START Stored data

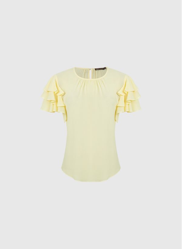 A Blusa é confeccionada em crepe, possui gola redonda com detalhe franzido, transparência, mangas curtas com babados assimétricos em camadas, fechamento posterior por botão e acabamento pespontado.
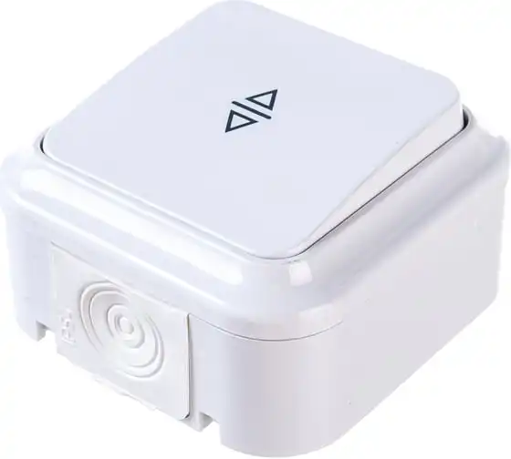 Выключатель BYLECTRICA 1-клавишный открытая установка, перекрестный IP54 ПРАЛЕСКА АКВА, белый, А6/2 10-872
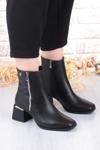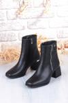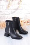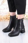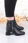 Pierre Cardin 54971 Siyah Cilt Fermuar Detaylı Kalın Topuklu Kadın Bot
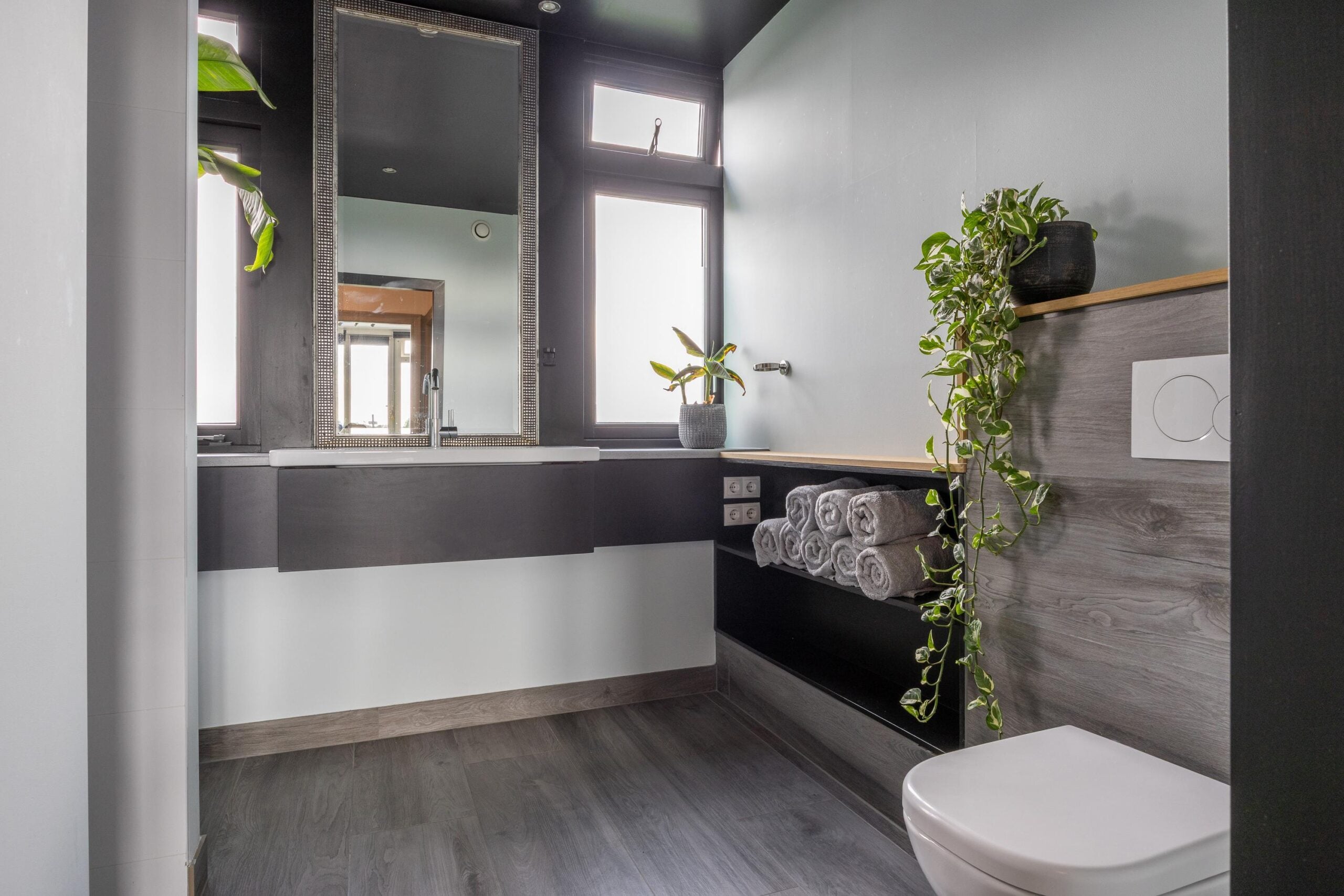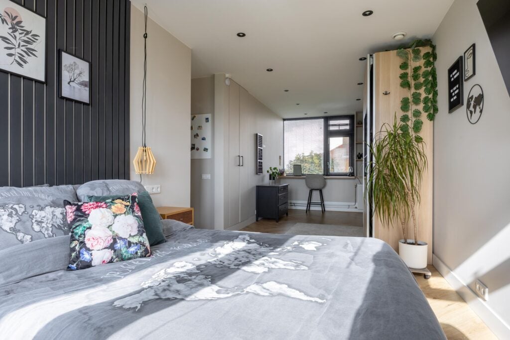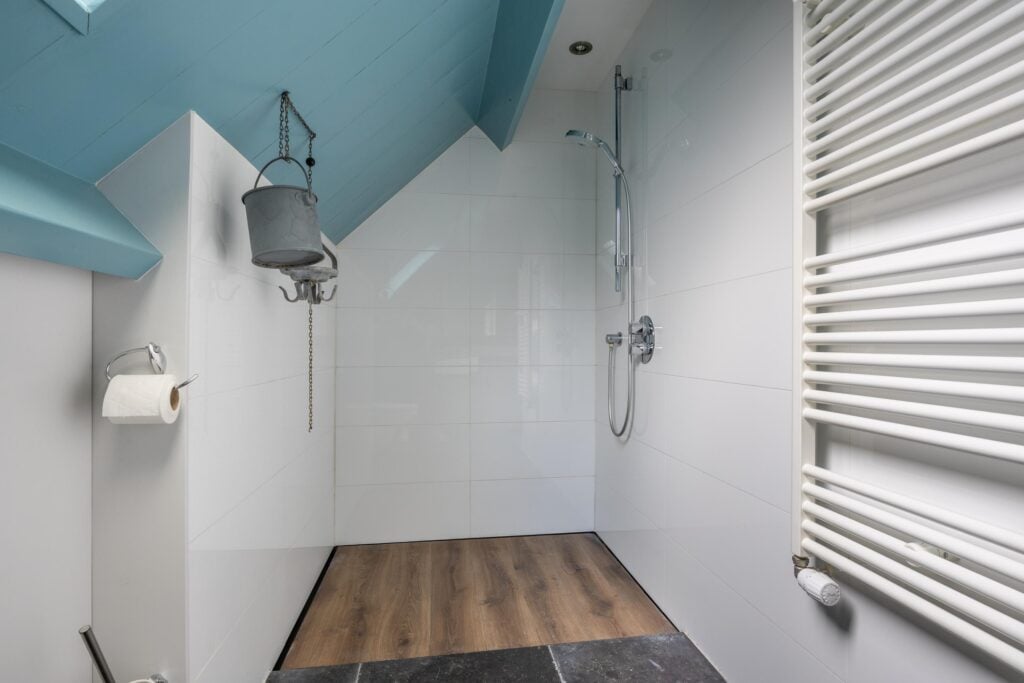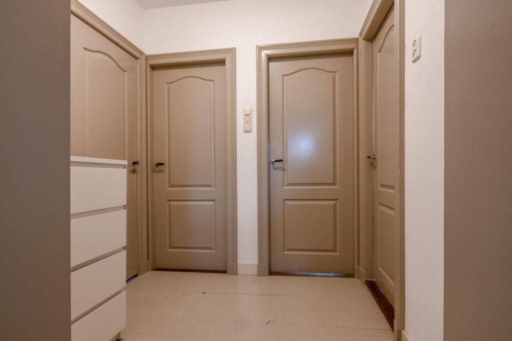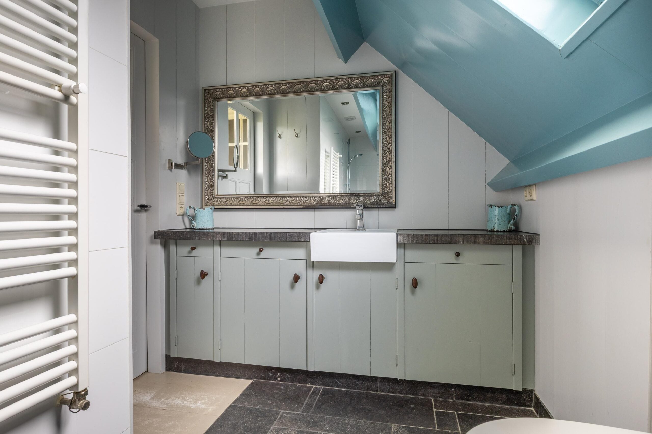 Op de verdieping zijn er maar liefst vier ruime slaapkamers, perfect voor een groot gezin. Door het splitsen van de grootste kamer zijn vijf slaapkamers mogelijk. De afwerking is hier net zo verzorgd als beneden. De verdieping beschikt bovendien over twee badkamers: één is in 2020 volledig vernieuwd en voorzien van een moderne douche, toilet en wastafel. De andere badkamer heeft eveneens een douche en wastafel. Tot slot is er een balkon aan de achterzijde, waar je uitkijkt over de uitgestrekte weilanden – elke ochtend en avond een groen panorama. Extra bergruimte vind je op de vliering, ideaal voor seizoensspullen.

END Stored data
START Stored data

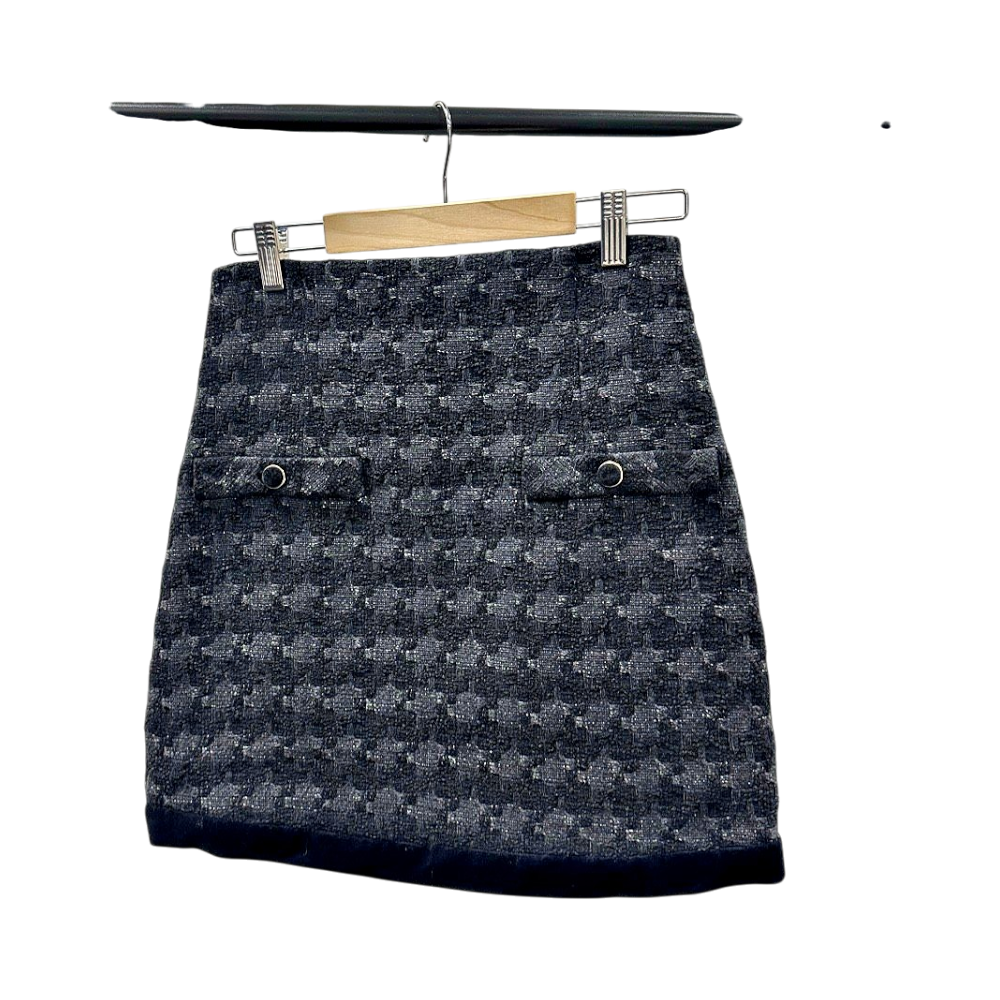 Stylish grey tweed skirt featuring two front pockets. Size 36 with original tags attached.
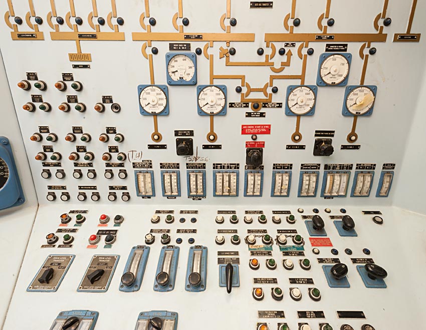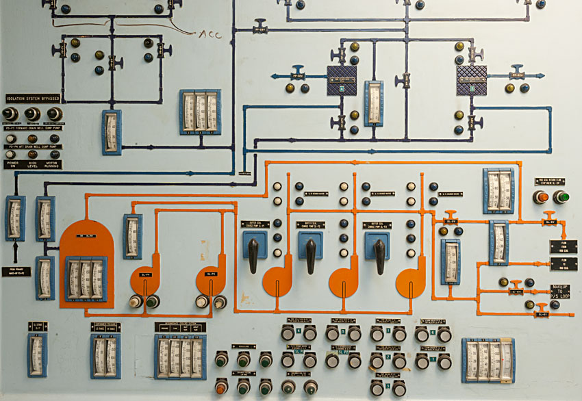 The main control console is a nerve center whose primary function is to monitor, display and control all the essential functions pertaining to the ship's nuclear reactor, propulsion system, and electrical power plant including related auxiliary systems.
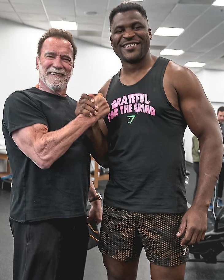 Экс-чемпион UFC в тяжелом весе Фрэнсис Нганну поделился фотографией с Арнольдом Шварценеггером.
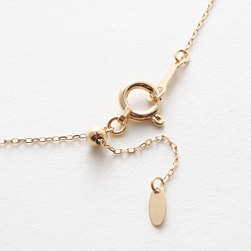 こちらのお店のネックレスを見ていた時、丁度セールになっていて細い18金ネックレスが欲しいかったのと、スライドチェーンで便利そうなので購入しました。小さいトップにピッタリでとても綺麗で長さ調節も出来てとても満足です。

END Stored data
START Stored data

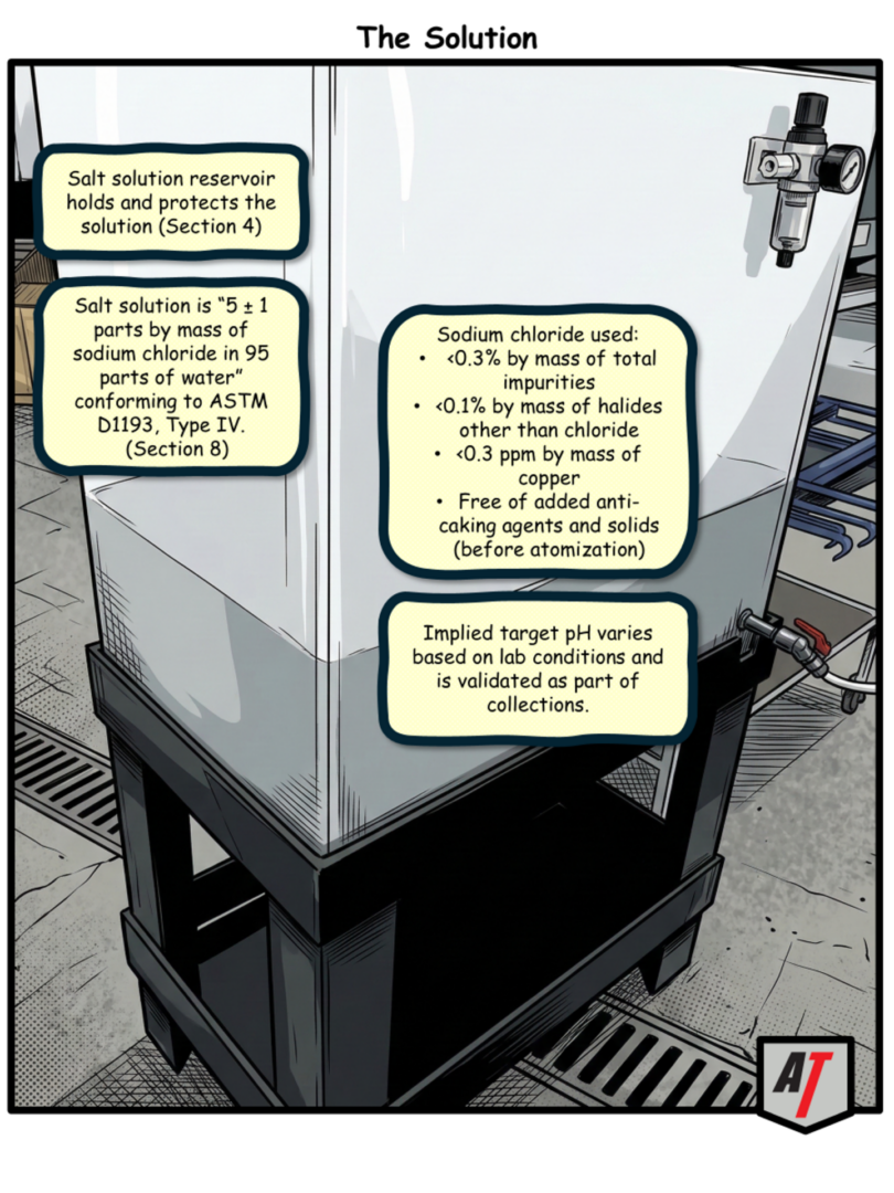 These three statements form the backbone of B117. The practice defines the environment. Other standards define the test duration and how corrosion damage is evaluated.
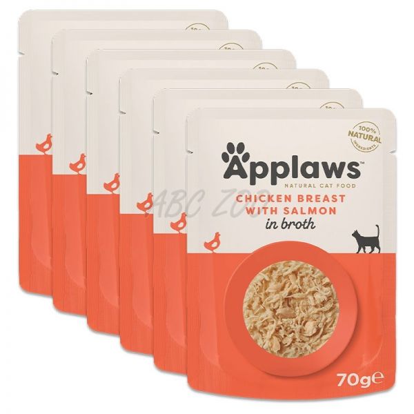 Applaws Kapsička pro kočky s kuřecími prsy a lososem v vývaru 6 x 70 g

END Stored data

▶ What you have to do
Look above for the line containing "These three statements", then copy exactly from it through the line containing "Applaws Kapsička pro", keeping both and leaving out pictures. Add nothing else.

▶ Reply
 These three statements form the backbone of B117. The practice defines the environment. Other standards define the test duration and how corrosion damage is evaluated.
 Applaws Kapsička pro kočky s kuřecími prsy a lososem v vývaru 6 x 70 g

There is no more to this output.